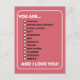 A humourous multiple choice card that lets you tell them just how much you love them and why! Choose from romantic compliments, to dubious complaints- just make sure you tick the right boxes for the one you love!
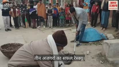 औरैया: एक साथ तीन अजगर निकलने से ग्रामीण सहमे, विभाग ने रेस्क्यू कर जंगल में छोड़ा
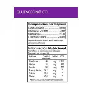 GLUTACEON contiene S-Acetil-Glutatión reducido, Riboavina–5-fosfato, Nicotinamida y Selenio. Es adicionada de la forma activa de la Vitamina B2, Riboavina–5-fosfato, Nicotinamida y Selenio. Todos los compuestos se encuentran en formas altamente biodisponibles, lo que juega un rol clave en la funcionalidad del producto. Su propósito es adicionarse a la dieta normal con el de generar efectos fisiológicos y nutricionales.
· · ·
Exercise objective:
Every word of the material above should be copied exactly; no pictures.

Solution for this problem:
 A humourous multiple choice card that lets you tell them just how much you love them and why! Choose from romantic compliments, to dubious complaints- just make sure you tick the right boxes for the one you love!
 औरैया: एक साथ तीन अजगर निकलने से ग्रामीण सहमे, विभाग ने रेस्क्यू कर जंगल में छोड़ा
 GLUTACEON contiene S-Acetil-Glutatión reducido, Riboavina–5-fosfato, Nicotinamida y Selenio. Es adicionada de la forma activa de la Vitamina B2, Riboavina–5-fosfato, Nicotinamida y Selenio. Todos los compuestos se encuentran en formas altamente biodisponibles, lo que juega un rol clave en la funcionalidad del producto. Su propósito es adicionarse a la dieta normal con el de generar efectos fisiológicos y nutricionales.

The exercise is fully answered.